Contradictory imaging and EEG results in resection surgery of bitemporal lobe epilepsy: A case report

Exp Ther Med. 2014 Mar;7(3):731-733. doi: 10.3892/etm.2013.1462. Epub 2013 Dec 27.

Abstract

The present study describes the case of a 27-year-old, right-handed female with bilateral mesial temporal lobe epilepsy. Electroencephalogram (EEG) monitoring from implanted electrodes displayed two different and independent onsets on the two sides of the mesial temporal structures, which specifically included clinical generalized tonic clonic seizure (GTCS) discharges originating from the left mesial temporal lobe, as well as complex partial seizure (CPS) discharges arising from the right mesial region. However, fluid-attenuated inversion recovery magnetic resonance imaging (FLAIR MRI) showed a unilateral abnormality, as in right mesial temporal lobe sclerosis.

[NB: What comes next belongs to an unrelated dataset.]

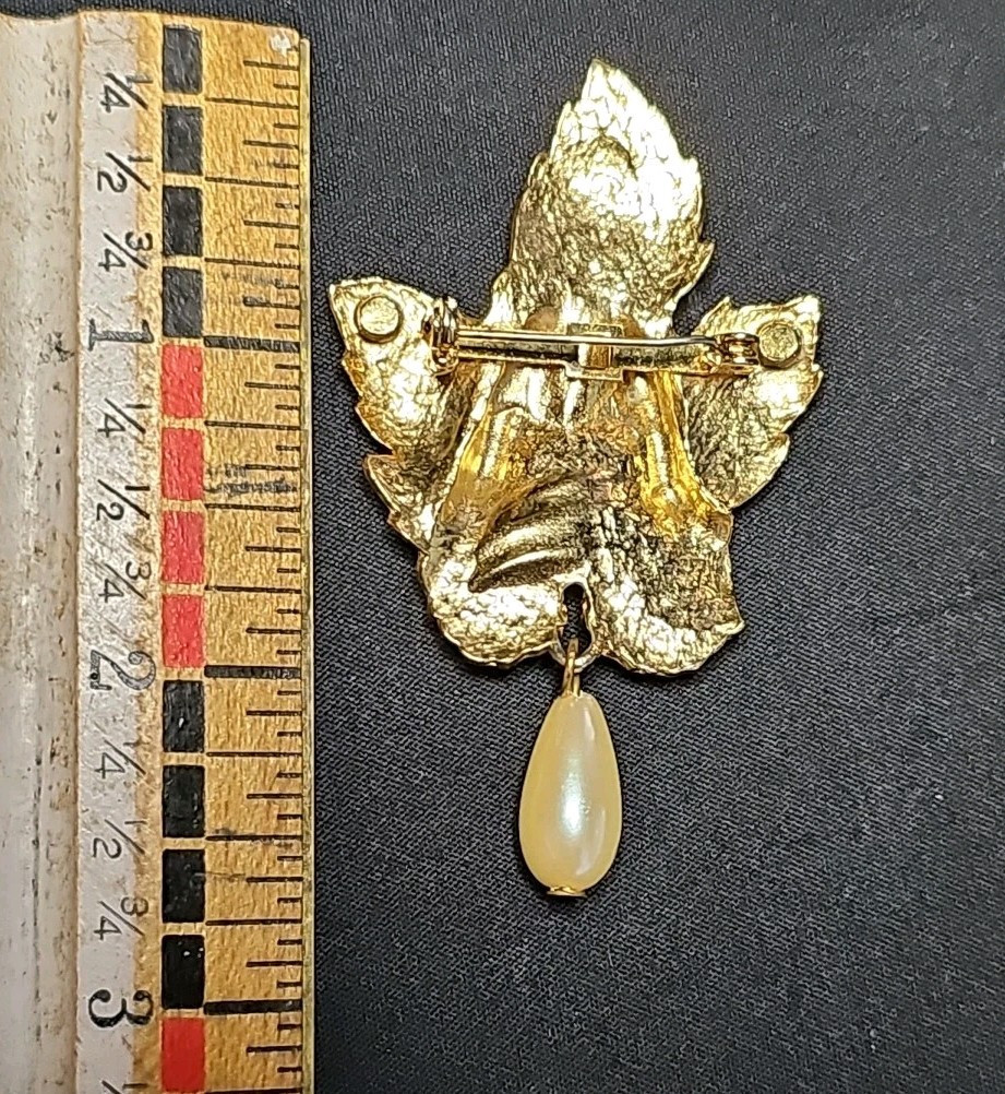 This stunning vintage brooch features an intricate gold-tone leaf design with beautifully detailed veining, giving it a lifelike, nature-inspired look. A single faux pearl teardrop dangles from the bottom, adding a touch of elegance and movement.

A decision was made to resect one side of the mesial temporal lobe, in order to avoid memory function impairment, and, relying on the MRI results, the right side was selected. However, surgery did not leave the patient seizure-free. The CPSs gradually eased, while the GTCSs originating from the left side became severely aggravated. In describing this case, the drawbacks of current epileptic diagnostic methods and surgical strategies for bitemporal lobe epilepsy are discussed, and the requirement for more treatment options is emphasized.

Keywords: bitemporal lobe epilepsy; epilepsy; epileptic surgery.